Closed yangkl0909 closed 4 years ago

yangkl0909 commented 6 years ago

Hi Paul, I am running FindFungi for the demo ERR675624 fastq on cluster(CentOS Linux release 7.4.1708). I had remove bsub and got the following results. There something error I can't fix, could help have a check? Thank you.

The CSV is always empty with the errors showing below

Best Keli

GiantSpaceRobot commented 6 years ago

Hi Keli,

I haven't seen this error before with FindFungi. For ete3-3.1.1, it looks like ete3 cannot write to file. Is your directory underneath Dropbox/Google Drive?
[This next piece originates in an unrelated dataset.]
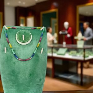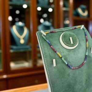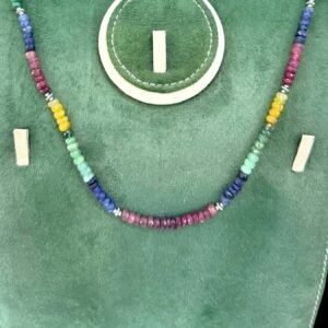 This One-Layer Natural Multi-Sapphire Necklace features stunning natural gemstones in various colors, including multicolor and blue. The elegant design makes it a perfect accessory for special occasions like engagements, weddings, anniversaries, or birthdays. With excellent cut grades and a round shape, these sapphires are beautifully set in a standard necklace length, adding a touch of beauty and sophistication to any outfit. Made with natural gemstones and a secure metal closure, this necklace is a luxurious and timeless piece of fine jewelry.

If this is the case, try pausing Dropbox/Google Drive and run the LowestCommonAncestor_V4.sh programme, or run the pipeline again. This problem can occur because the syncing of information causes read/write inconsistencies.

If this is not the problem, please make sure you are using the newest release of ete3 (https://github.com/etetoolkit/ete/tree/master/ete3) as they have have fixed taxdump database bugs recently.

Lastly, have you been using conda to manage Python versions/installations etc? I have seen this cause dependency clashes before.

Best, Paul

yangkl0909 commented 6 years ago

@GiantSpaceRobot
Thank you.

I fixed the qlite3.OperationalError: disk I/O error by moving the output back to my PC. We don't run Google Drive or any other sync tools in our cluster. It seems the error might caused by Lustre file system in our cluster showing like this https://github.com/TApplencourt/EMSL_Basis_Set_Exchange_Local/issues/6.

However, when moving on, another error occur in the LowestCommonAncestor_V4.py.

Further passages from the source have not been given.